╔══

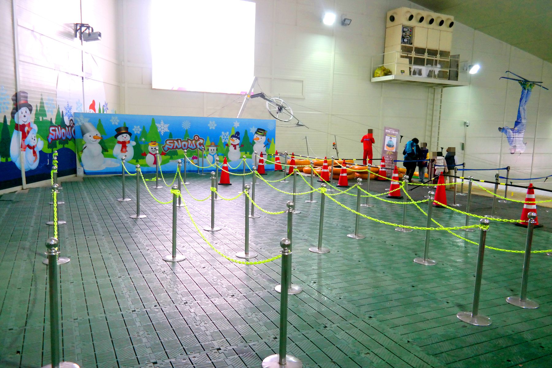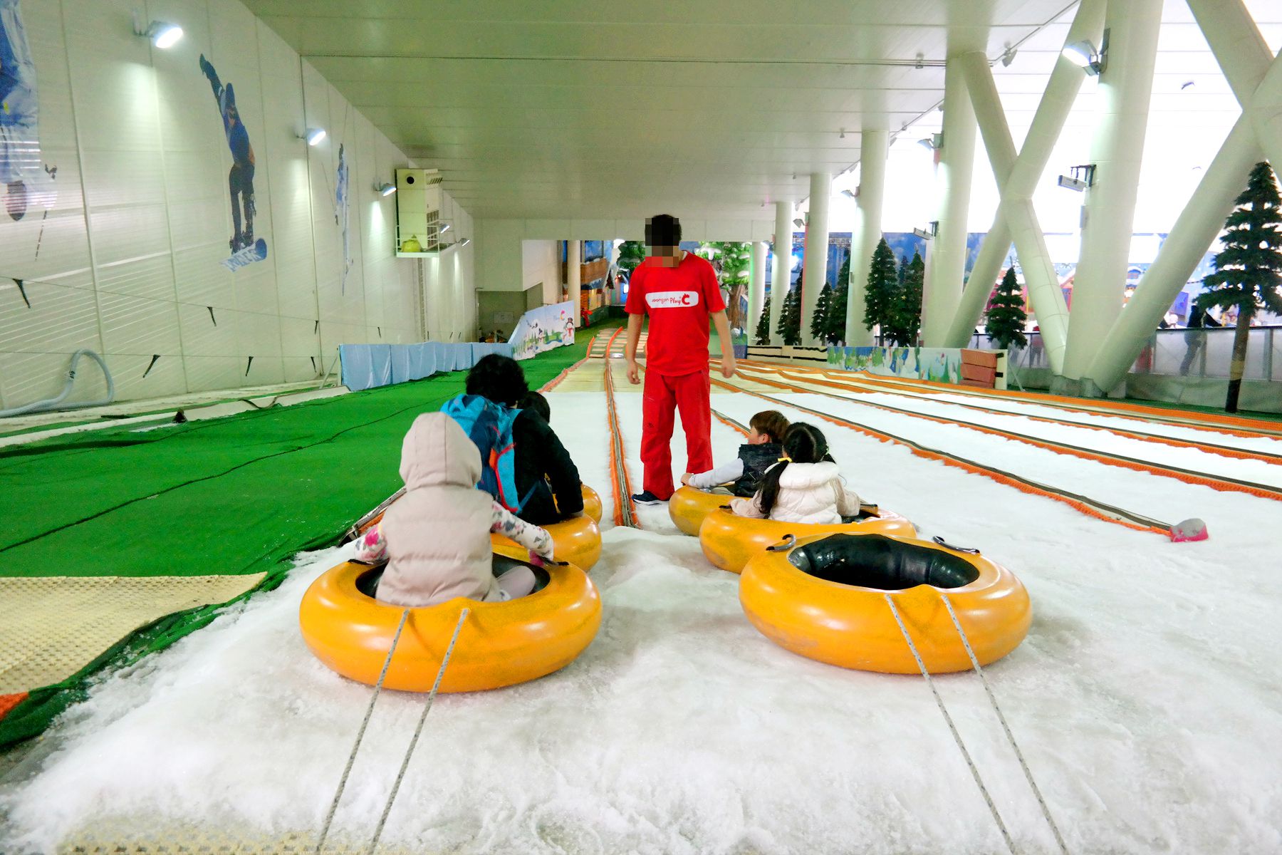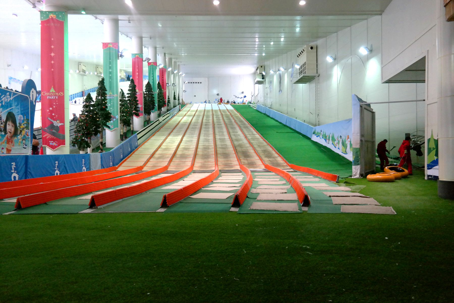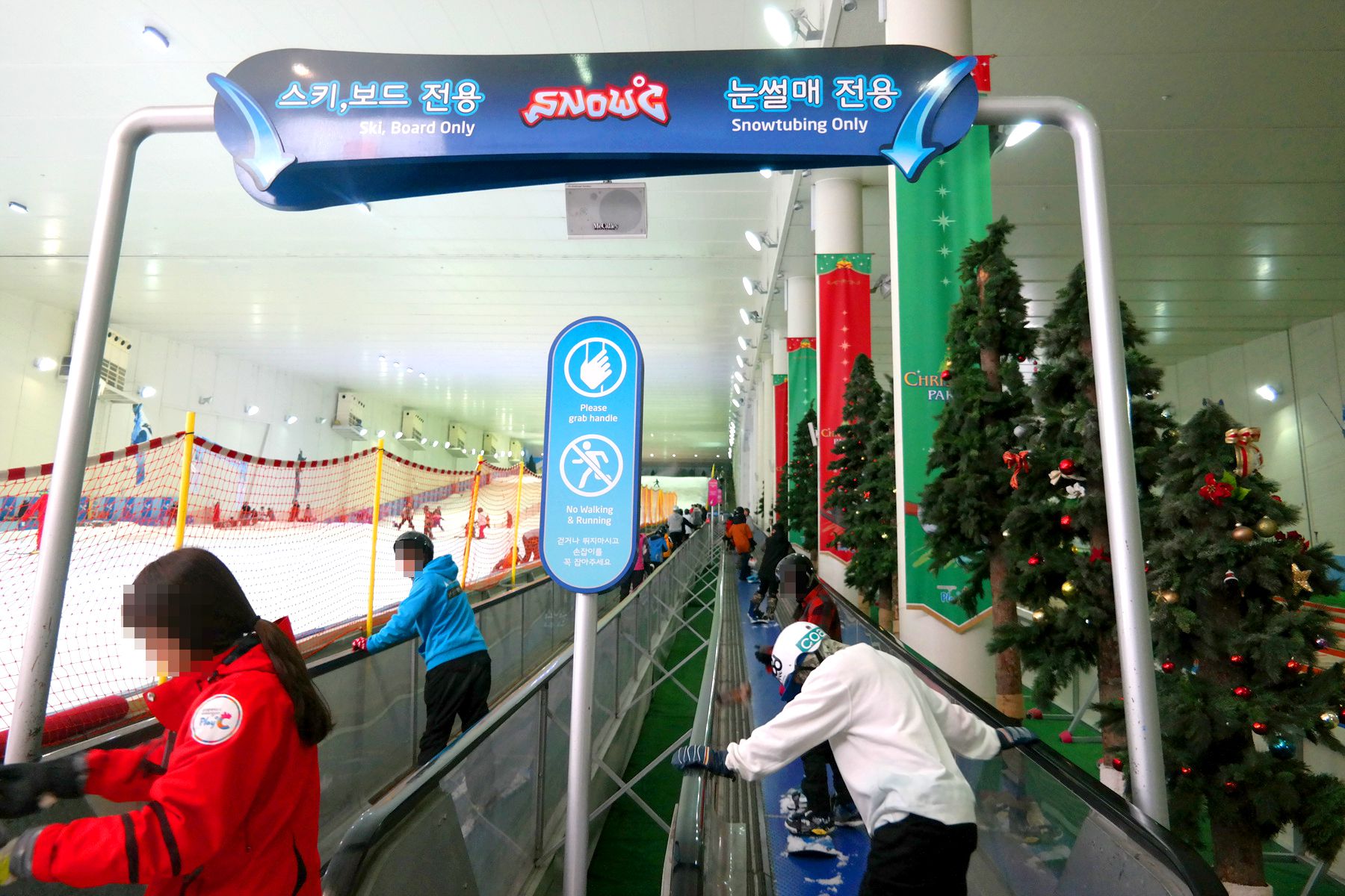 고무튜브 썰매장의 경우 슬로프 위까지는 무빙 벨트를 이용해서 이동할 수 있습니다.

╚══
╔══

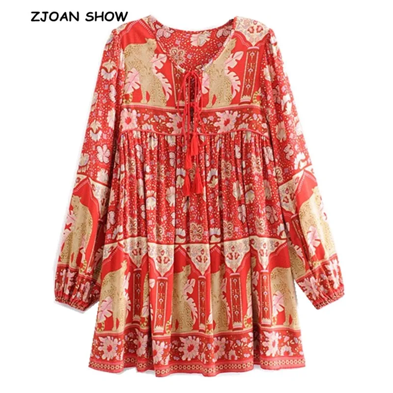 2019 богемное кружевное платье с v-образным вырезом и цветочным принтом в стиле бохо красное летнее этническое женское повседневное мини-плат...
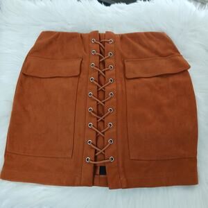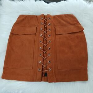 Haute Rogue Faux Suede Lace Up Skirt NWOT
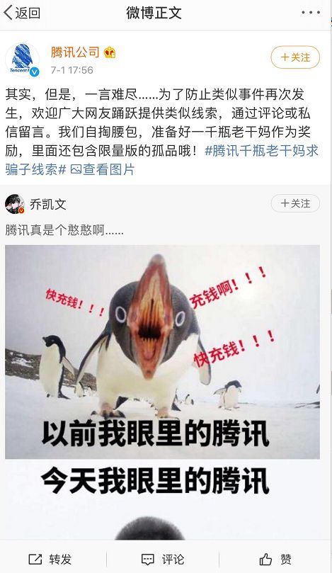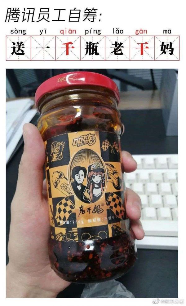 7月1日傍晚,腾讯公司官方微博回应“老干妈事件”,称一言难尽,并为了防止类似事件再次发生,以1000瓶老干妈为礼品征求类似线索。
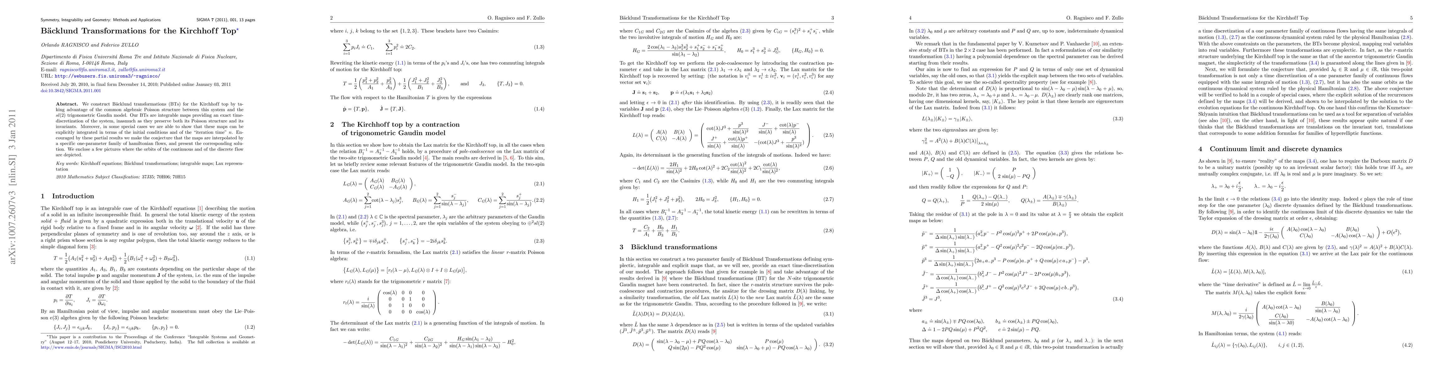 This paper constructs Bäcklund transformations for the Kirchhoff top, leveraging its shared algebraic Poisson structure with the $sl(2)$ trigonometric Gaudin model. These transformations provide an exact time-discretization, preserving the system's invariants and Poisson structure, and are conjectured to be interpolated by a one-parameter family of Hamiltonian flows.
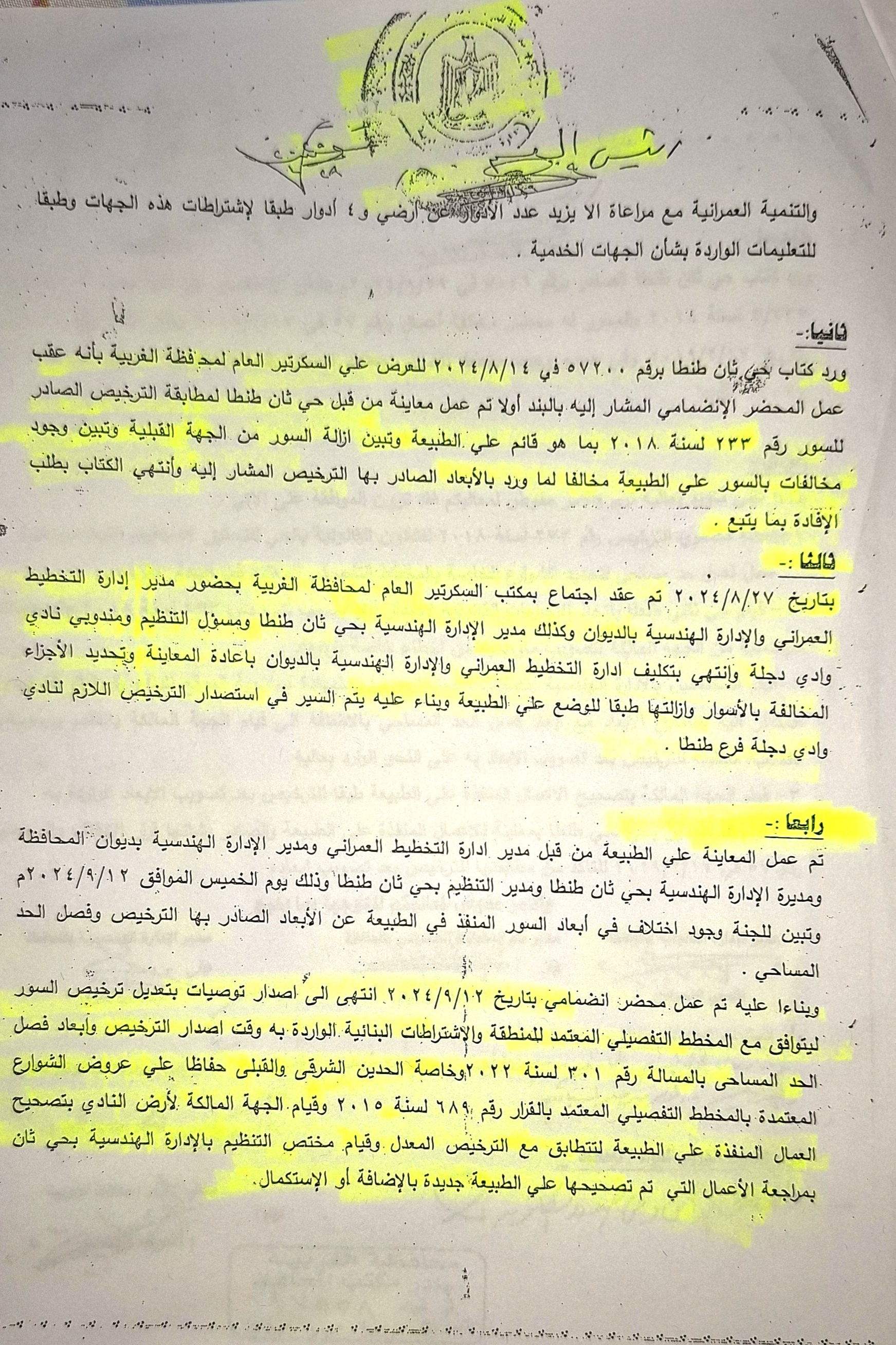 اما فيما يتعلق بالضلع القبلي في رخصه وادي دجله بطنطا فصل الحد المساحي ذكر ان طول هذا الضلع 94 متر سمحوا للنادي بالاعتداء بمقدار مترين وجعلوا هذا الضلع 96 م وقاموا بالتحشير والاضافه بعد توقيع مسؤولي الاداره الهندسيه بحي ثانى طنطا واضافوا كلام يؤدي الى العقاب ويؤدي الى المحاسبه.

╚══

**Your task:**
In the listing above, find the line containing "Haute Rogue Faux Suede Lace Up Skirt NWOT" and the line containing "This paper constructs", then write out both of them and every line between, exactly, with no pictures.

**Result:**
 Haute Rogue Faux Suede Lace Up Skirt NWOT
 7月1日傍晚,腾讯公司官方微博回应“老干妈事件”,称一言难尽,并为了防止类似事件再次发生,以1000瓶老干妈为礼品征求类似线索。
 This paper constructs Bäcklund transformations for the Kirchhoff top, leveraging its shared algebraic Poisson structure with the $sl(2)$ trigonometric Gaudin model. These transformations provide an exact time-discretization, preserving the system's invariants and Poisson structure, and are conjectured to be interpolated by a one-parameter family of Hamiltonian flows.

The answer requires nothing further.